**Records provided:**
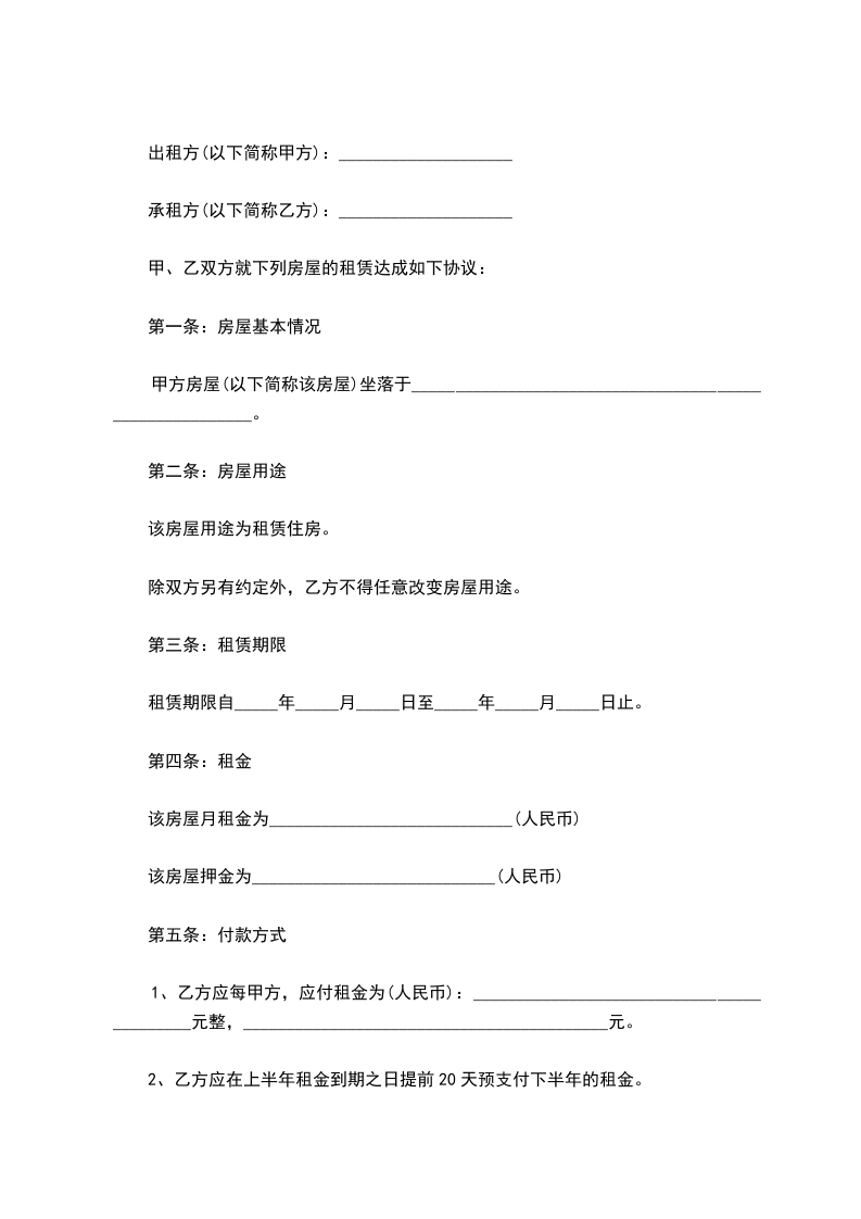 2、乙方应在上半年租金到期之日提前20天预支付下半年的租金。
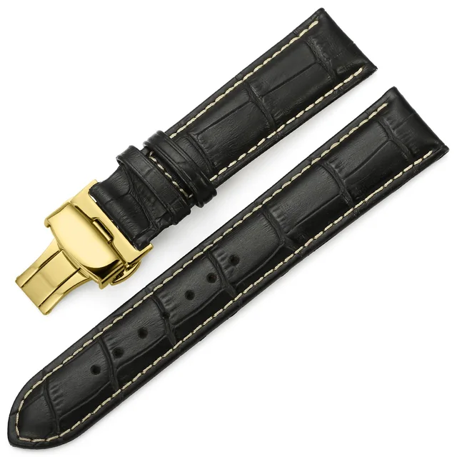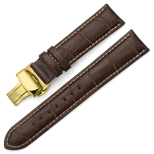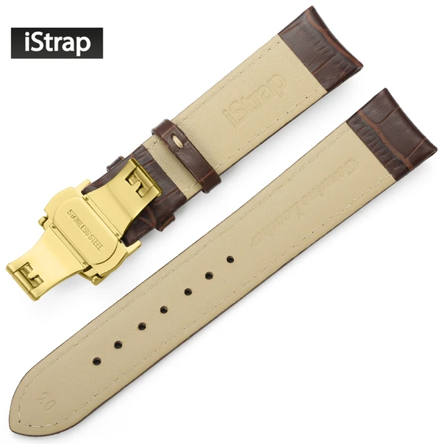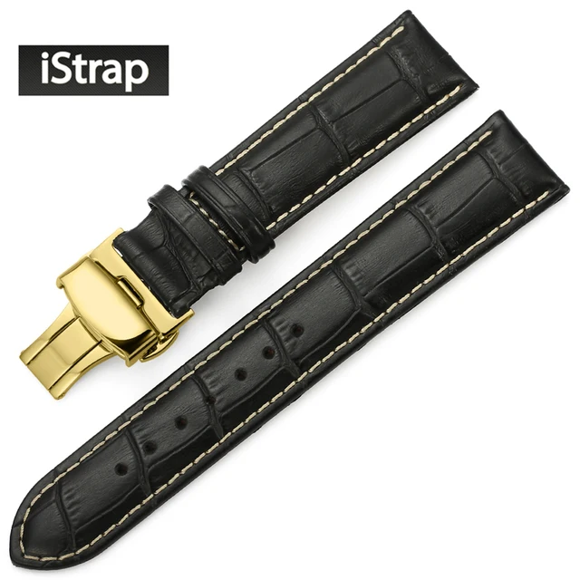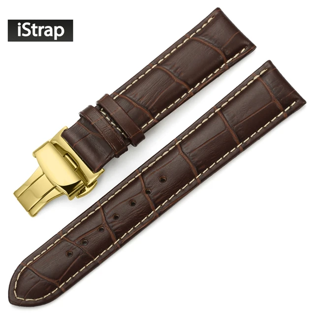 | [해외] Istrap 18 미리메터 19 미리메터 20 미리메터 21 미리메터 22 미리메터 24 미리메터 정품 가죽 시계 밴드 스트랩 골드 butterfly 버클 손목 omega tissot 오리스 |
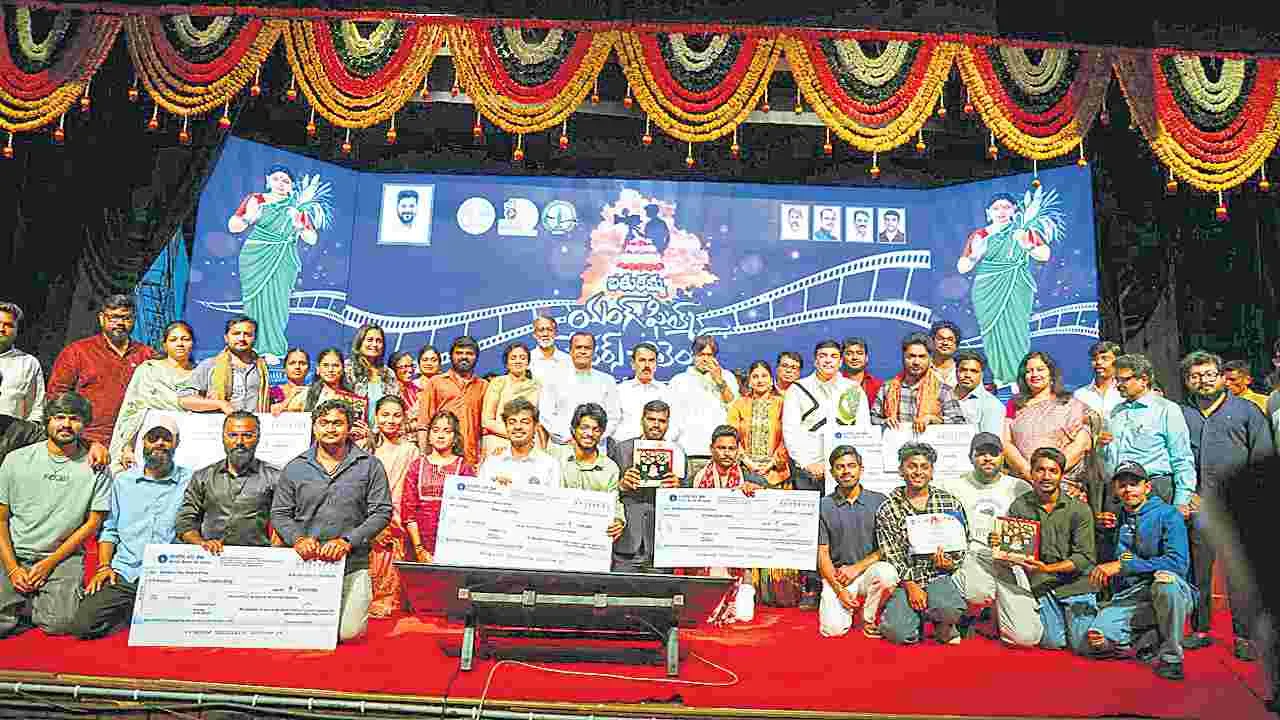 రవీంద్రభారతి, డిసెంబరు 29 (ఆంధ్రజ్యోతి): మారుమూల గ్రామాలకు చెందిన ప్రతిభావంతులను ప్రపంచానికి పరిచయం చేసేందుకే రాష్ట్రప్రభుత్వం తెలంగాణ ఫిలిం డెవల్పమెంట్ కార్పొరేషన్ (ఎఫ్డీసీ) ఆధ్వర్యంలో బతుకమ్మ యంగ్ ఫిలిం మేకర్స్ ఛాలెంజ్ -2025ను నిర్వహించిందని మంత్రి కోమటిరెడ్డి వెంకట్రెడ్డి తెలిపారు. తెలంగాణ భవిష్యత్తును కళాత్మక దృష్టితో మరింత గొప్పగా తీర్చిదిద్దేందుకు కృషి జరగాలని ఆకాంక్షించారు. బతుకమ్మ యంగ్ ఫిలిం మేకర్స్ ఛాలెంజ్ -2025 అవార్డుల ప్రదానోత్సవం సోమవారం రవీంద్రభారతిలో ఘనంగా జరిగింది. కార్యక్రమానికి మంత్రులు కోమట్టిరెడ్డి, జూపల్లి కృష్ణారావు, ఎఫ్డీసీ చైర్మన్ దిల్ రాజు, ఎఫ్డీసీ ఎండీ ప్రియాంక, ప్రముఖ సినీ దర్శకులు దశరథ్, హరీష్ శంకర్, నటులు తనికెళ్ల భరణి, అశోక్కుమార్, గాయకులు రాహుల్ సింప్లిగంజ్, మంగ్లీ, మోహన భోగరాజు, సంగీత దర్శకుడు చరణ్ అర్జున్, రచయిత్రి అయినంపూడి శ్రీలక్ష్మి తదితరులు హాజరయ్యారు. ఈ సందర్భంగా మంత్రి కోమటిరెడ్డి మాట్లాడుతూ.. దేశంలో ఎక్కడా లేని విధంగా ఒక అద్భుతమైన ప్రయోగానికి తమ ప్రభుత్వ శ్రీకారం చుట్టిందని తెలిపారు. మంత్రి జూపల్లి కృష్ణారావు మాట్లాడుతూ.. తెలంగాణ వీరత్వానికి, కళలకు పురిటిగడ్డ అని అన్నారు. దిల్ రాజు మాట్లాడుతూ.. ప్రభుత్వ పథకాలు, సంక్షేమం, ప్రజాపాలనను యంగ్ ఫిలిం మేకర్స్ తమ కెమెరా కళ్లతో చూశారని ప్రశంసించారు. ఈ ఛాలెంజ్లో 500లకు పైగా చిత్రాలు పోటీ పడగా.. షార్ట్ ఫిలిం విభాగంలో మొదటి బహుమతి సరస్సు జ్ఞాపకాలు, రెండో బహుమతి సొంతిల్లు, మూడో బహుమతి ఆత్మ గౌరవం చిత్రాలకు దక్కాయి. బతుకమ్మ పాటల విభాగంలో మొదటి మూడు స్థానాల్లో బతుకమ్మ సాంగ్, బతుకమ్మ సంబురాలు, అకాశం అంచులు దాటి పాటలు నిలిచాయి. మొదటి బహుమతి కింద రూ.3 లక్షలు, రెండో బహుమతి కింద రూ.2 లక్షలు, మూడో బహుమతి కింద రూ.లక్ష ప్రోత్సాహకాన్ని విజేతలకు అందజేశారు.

...

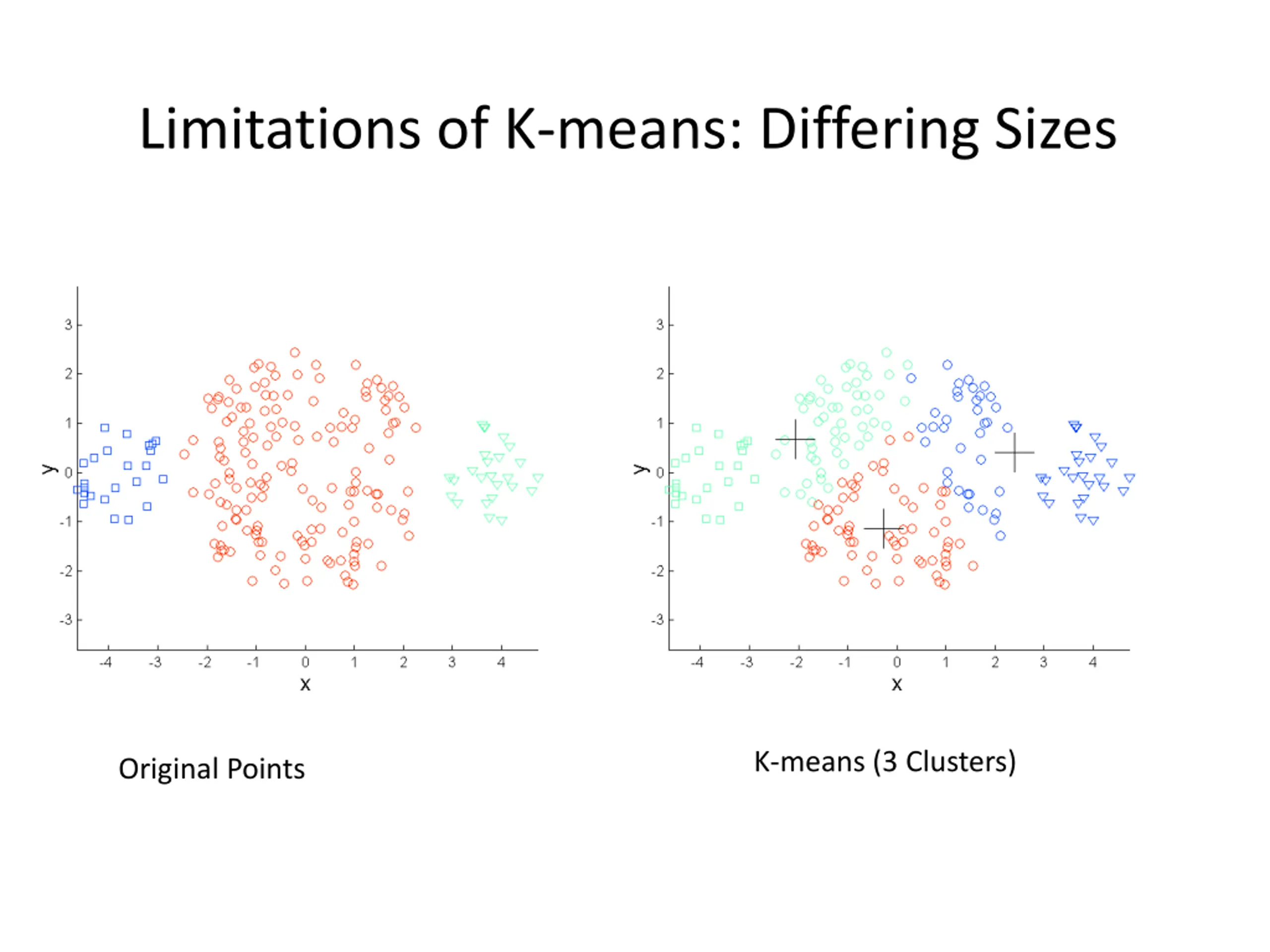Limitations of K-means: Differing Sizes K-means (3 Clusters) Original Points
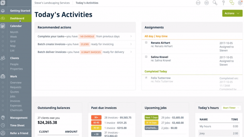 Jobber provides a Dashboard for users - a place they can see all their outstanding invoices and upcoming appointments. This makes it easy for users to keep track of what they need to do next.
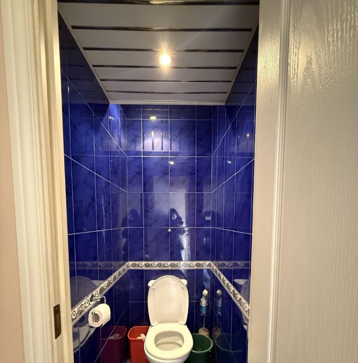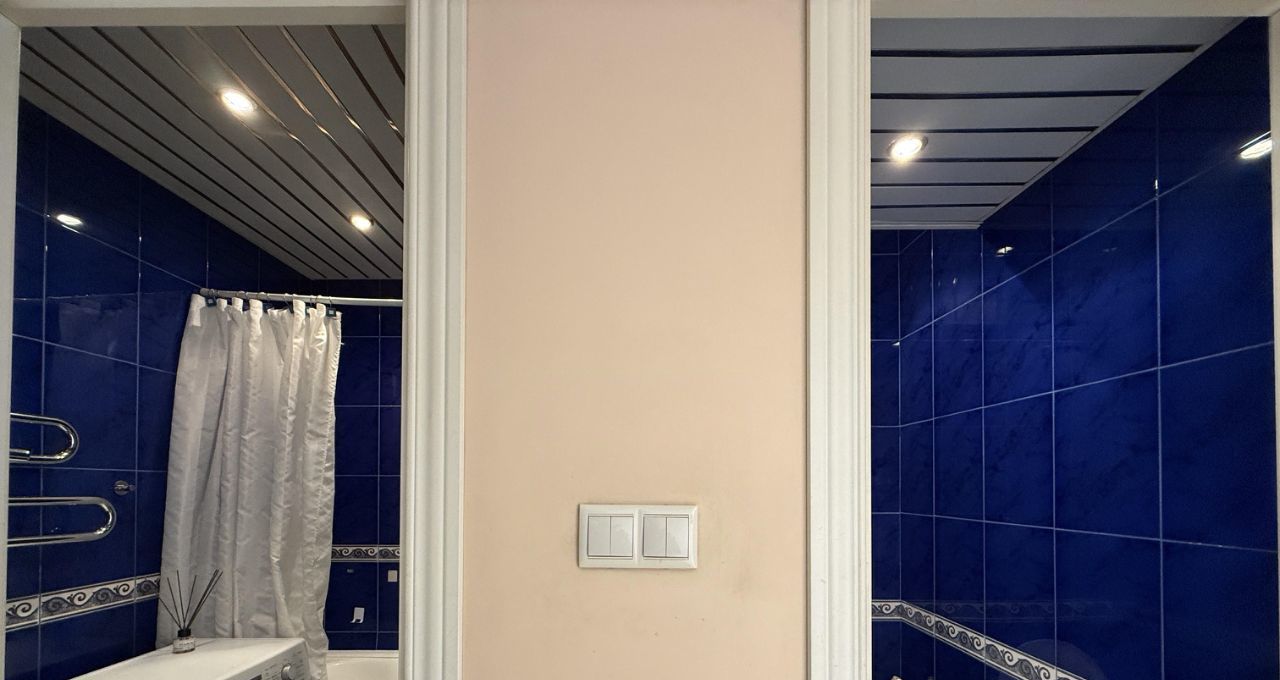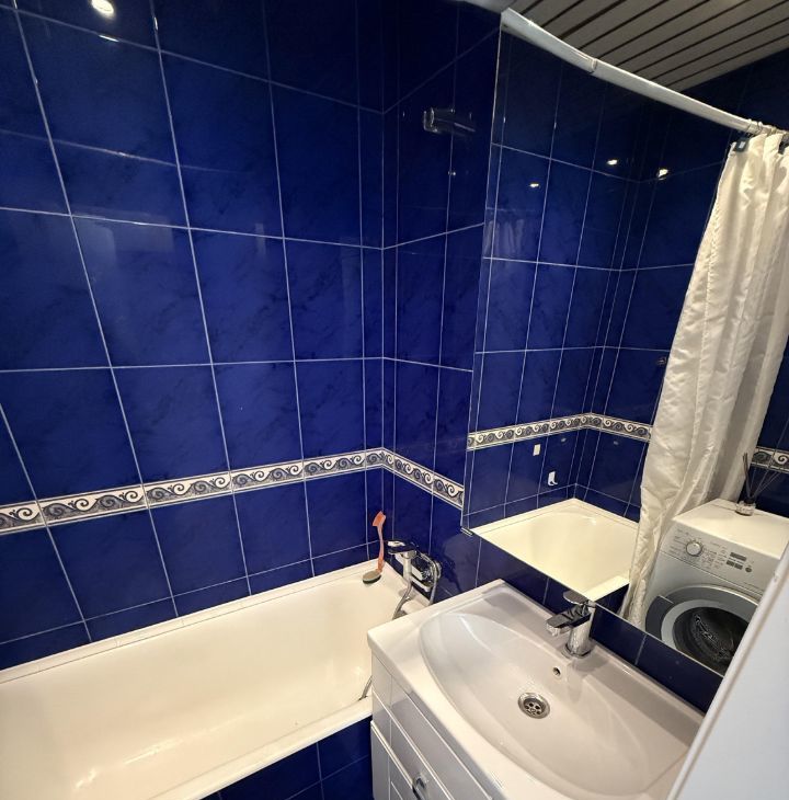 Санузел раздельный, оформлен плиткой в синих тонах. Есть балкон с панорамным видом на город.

**Work instruction:**
Beginning with the line above that contains "2、乙方应在上半年租金到期之日提前20天预支付下半年的租金。" and finishing with the line that contains "రవీంద్రభారతి, డిసెంబరు 29", print those lines exactly and only. Skip all pictures.

**Exercise result:**
 2、乙方应在上半年租金到期之日提前20天预支付下半年的租金。
 | [해외] Istrap 18 미리메터 19 미리메터 20 미리메터 21 미리메터 22 미리메터 24 미리메터 정품 가죽 시계 밴드 스트랩 골드 butterfly 버클 손목 omega tissot 오리스 |
 రవీంద్రభారతి, డిసెంబరు 29 (ఆంధ్రజ్యోతి): మారుమూల గ్రామాలకు చెందిన ప్రతిభావంతులను ప్రపంచానికి పరిచయం చేసేందుకే రాష్ట్రప్రభుత్వం తెలంగాణ ఫిలిం డెవల్పమెంట్ కార్పొరేషన్ (ఎఫ్డీసీ) ఆధ్వర్యంలో బతుకమ్మ యంగ్ ఫిలిం మేకర్స్ ఛాలెంజ్ -2025ను నిర్వహించిందని మంత్రి కోమటిరెడ్డి వెంకట్రెడ్డి తెలిపారు. తెలంగాణ భవిష్యత్తును కళాత్మక దృష్టితో మరింత గొప్పగా తీర్చిదిద్దేందుకు కృషి జరగాలని ఆకాంక్షించారు. బతుకమ్మ యంగ్ ఫిలిం మేకర్స్ ఛాలెంజ్ -2025 అవార్డుల ప్రదానోత్సవం సోమవారం రవీంద్రభారతిలో ఘనంగా జరిగింది. కార్యక్రమానికి మంత్రులు కోమట్టిరెడ్డి, జూపల్లి కృష్ణారావు, ఎఫ్డీసీ చైర్మన్ దిల్ రాజు, ఎఫ్డీసీ ఎండీ ప్రియాంక, ప్రముఖ సినీ దర్శకులు దశరథ్, హరీష్ శంకర్, నటులు తనికెళ్ల భరణి, అశోక్కుమార్, గాయకులు రాహుల్ సింప్లిగంజ్, మంగ్లీ, మోహన భోగరాజు, సంగీత దర్శకుడు చరణ్ అర్జున్, రచయిత్రి అయినంపూడి శ్రీలక్ష్మి తదితరులు హాజరయ్యారు. ఈ సందర్భంగా మంత్రి కోమటిరెడ్డి మాట్లాడుతూ.. దేశంలో ఎక్కడా లేని విధంగా ఒక అద్భుతమైన ప్రయోగానికి తమ ప్రభుత్వ శ్రీకారం చుట్టిందని తెలిపారు. మంత్రి జూపల్లి కృష్ణారావు మాట్లాడుతూ.. తెలంగాణ వీరత్వానికి, కళలకు పురిటిగడ్డ అని అన్నారు. దిల్ రాజు మాట్లాడుతూ.. ప్రభుత్వ పథకాలు, సంక్షేమం, ప్రజాపాలనను యంగ్ ఫిలిం మేకర్స్ తమ కెమెరా కళ్లతో చూశారని ప్రశంసించారు. ఈ ఛాలెంజ్లో 500లకు పైగా చిత్రాలు పోటీ పడగా.. షార్ట్ ఫిలిం విభాగంలో మొదటి బహుమతి సరస్సు జ్ఞాపకాలు, రెండో బహుమతి సొంతిల్లు, మూడో బహుమతి ఆత్మ గౌరవం చిత్రాలకు దక్కాయి. బతుకమ్మ పాటల విభాగంలో మొదటి మూడు స్థానాల్లో బతుకమ్మ సాంగ్, బతుకమ్మ సంబురాలు, అకాశం అంచులు దాటి పాటలు నిలిచాయి. మొదటి బహుమతి కింద రూ.3 లక్షలు, రెండో బహుమతి కింద రూ.2 లక్షలు, మూడో బహుమతి కింద రూ.లక్ష ప్రోత్సాహకాన్ని విజేతలకు అందజేశారు.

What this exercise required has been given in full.